The use of thermal imaging technology and the public's awareness of its capabilities has increased dramatically in the last decade. Thermal imaging used to be a very expensive technology for military users only. Today, more and more people are discovering the technology and the benefits it has to offer. Thermal imaging cameras produce a clear image in the darkest of nights, in light fog and smoke and in the most diverse weather conditions.
Through television shows like "Rescue 911" and other reality programs that are reporting about the activities of firefighters, policemen and other rescue workers, more and more people are aware of thermal imaging cameras and their capabilities. Many of us have seen on television how thermal imaging can help policemen to locate and follow suspects in total darkness
There has also been an increased interest in thermal imaging for all kinds of security applications, from long-range surveillance at border crossings, truck and shipping container inspection, to the monitoring of high-security installations such as nuclear power stations, airports, and dams. But thermal imaging has a lot more to offer than just a night vision solution for security applications.

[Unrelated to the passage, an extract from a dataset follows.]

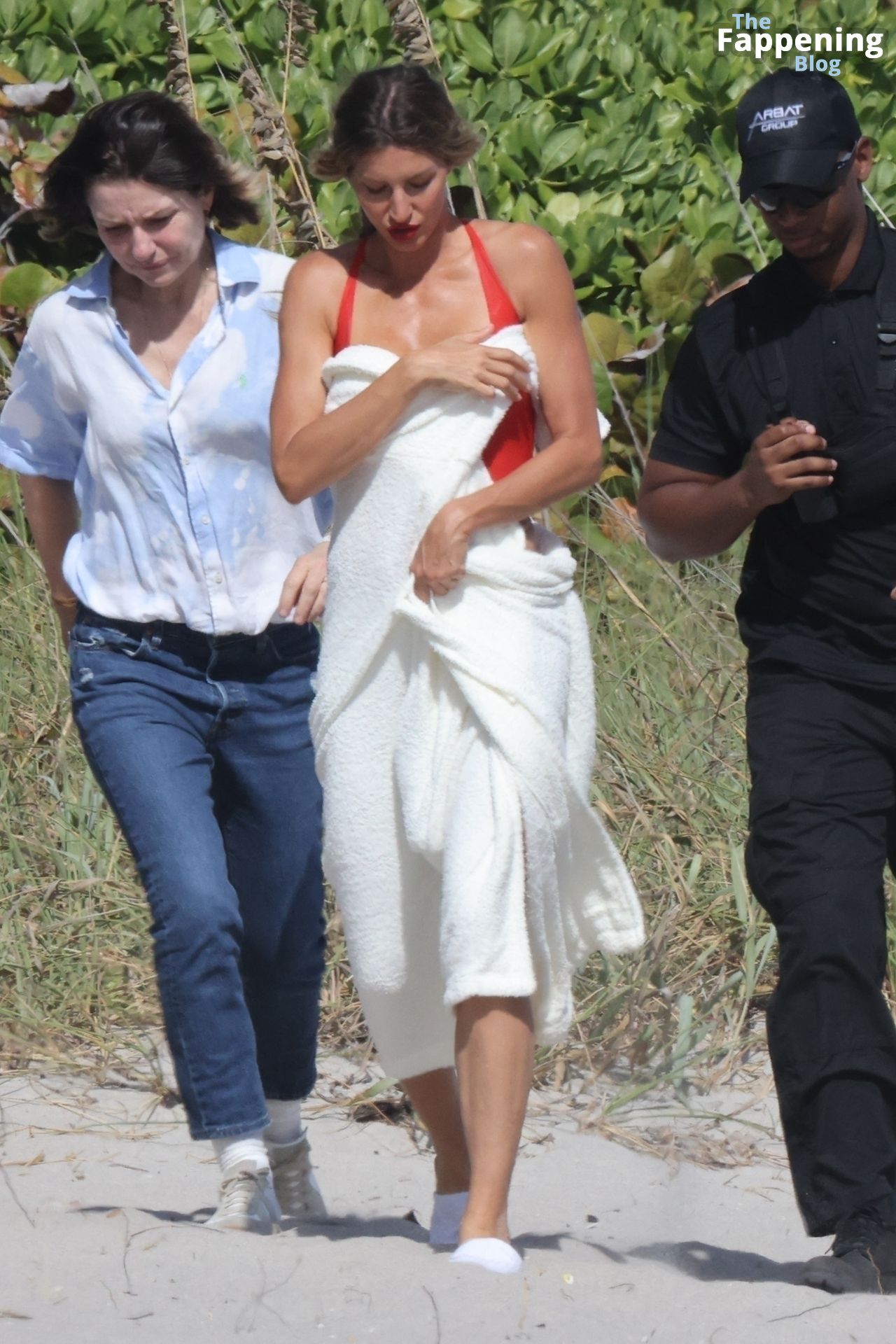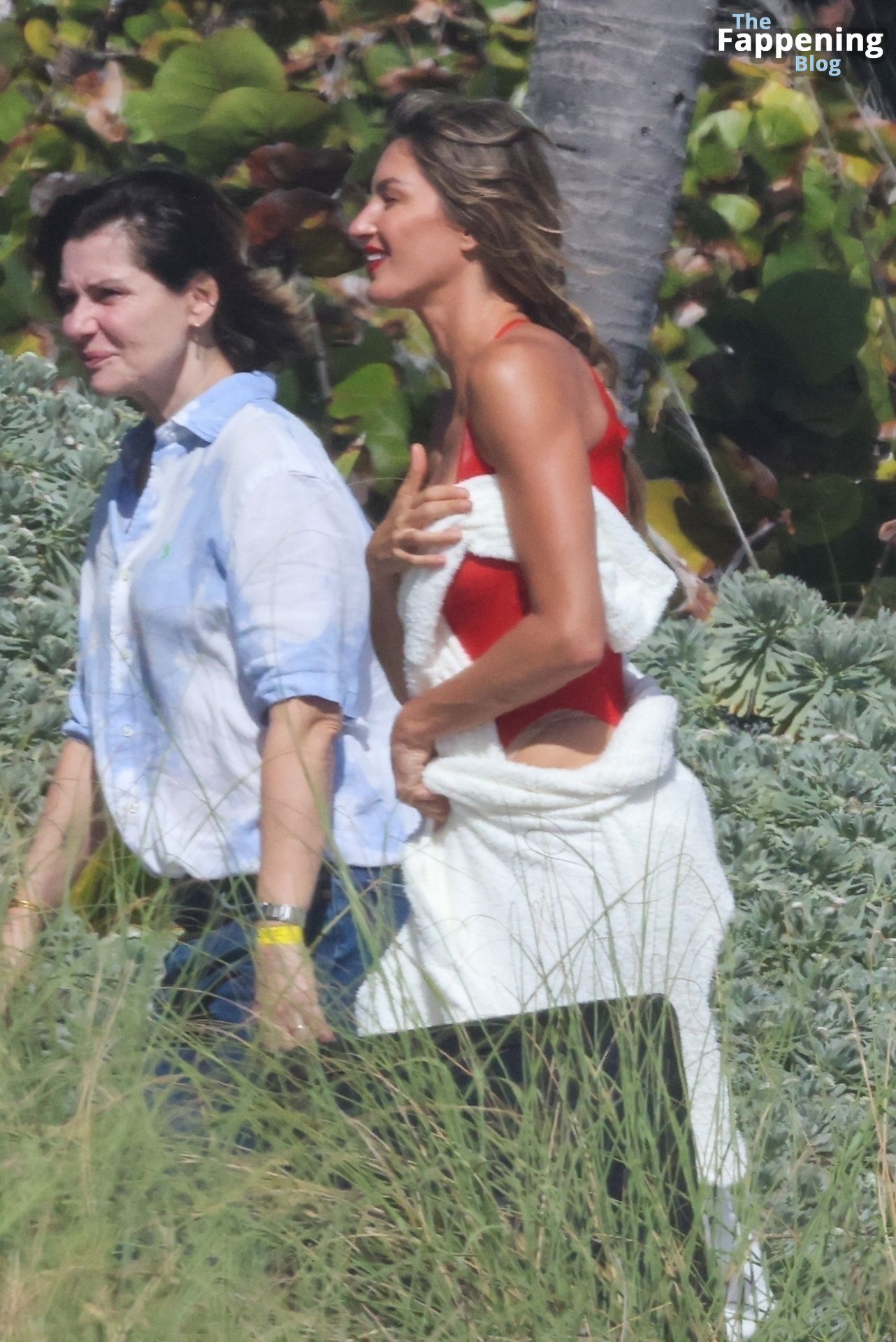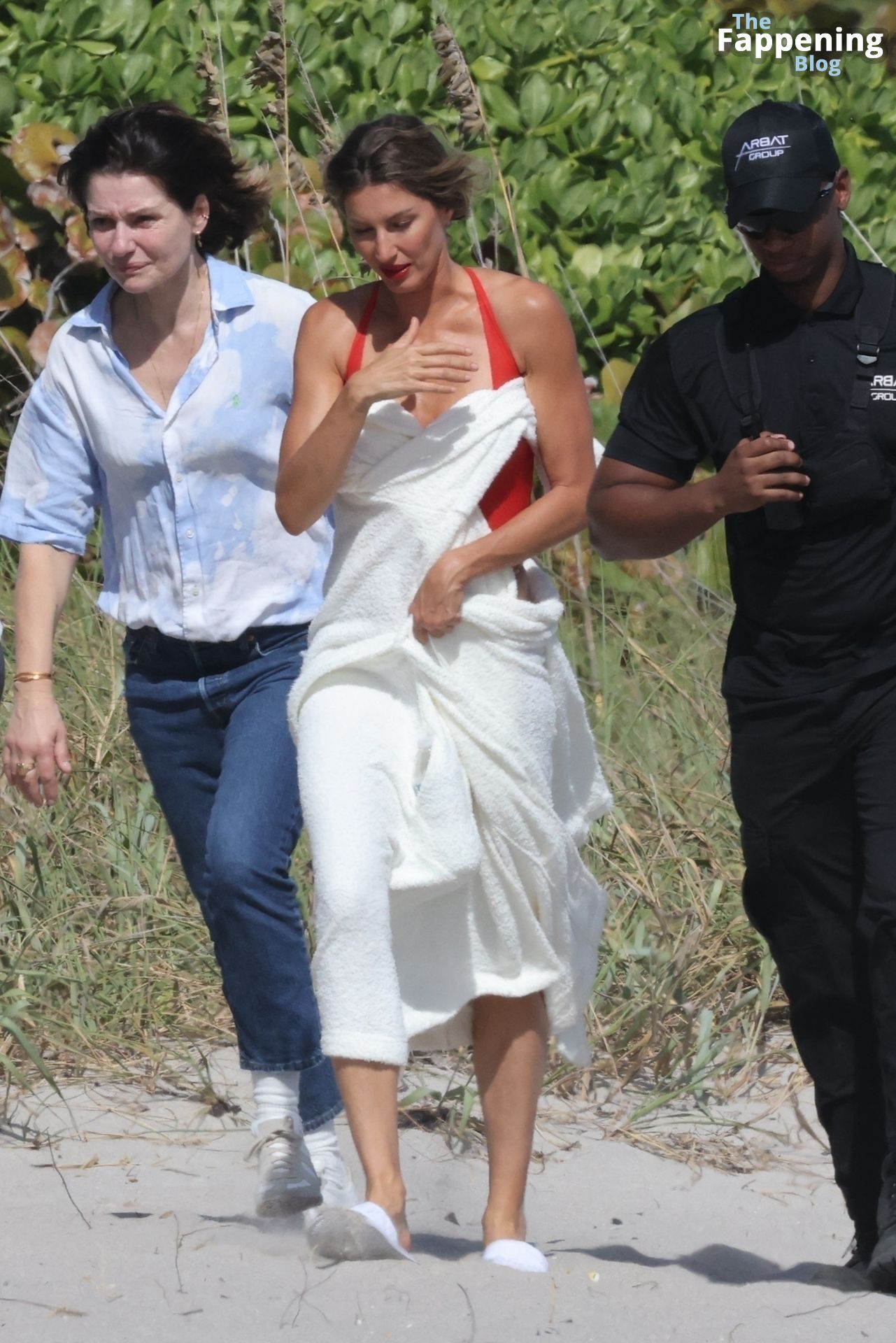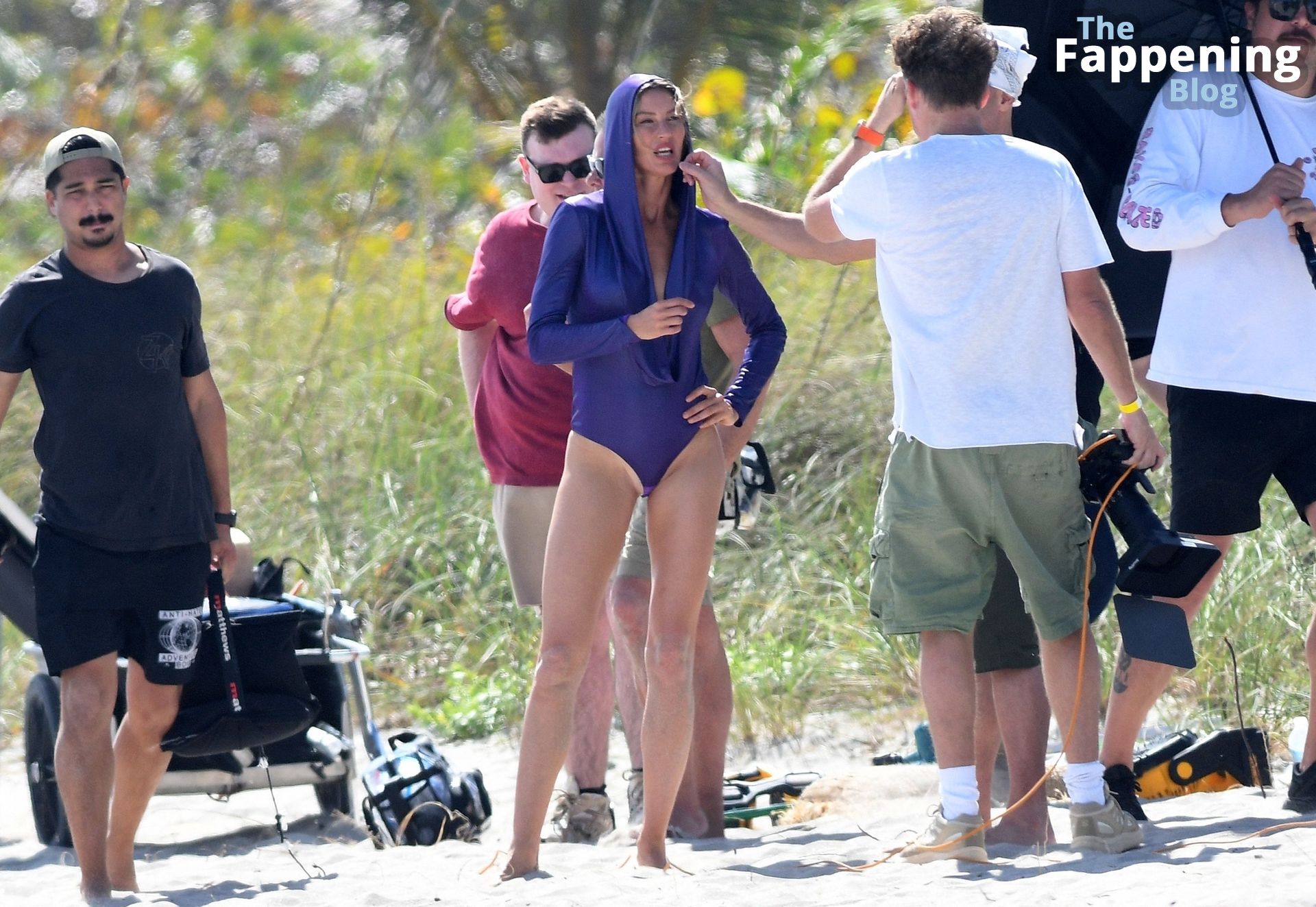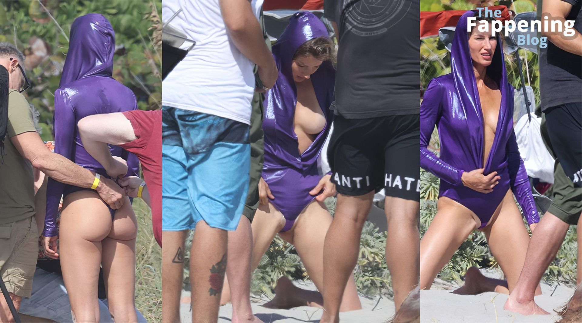 La modella brasiliana è stata vista ieri tornare al lavoro a Hollywood Fl dopo essere tornata da una vacanza in Costa Rica dove ha goduto di un po’ di relax con l’allenatore di jiu-jitsu Joaquim Valente. Gisele sembra desiderosa di tornare al lavoro dopo la separazione dall’ex Tom Brady. La top model 42enne è stata vista mostrare la sua incredibile figura con un costume da bagno viola scintillante.

Thermal imaging: a technology that saves lives
Thermal imaging has a multitude of uses, but none are more important than the ones that save lives, whether it is locating people in a fire, finding suspects in total darkness, or helping drivers and captains to navigate at night. It might just be a matter of time before every policeman, firefighter, rescue worker and security guard will have a personal thermal imaging camera in a compact, battery-powered package.
At the same time, consumers are gaining access to thermal imaging technology. Car manufacturers are integrating night vision modules for driver vision enhancement into cars. By helping drivers to see at night, accidents can be avoided. Boats and yachts are being equipped with thermal imaging cameras for nighttime navigation and other maritime applications like man overboard searches. The increasing worldwide demand for thermal imaging cameras has resulted in the ability for manufacturers to bring down production costs considerably. As prices come down and interest in the technology rises, more and more manufacturers across many diverse product areas are seeing the added value of thermal imaging and are willing to integrate a thermal imager in their products. Often the thermal imager is just a small part of the complete product, so it needs to be as small, light and inexpensive as possible.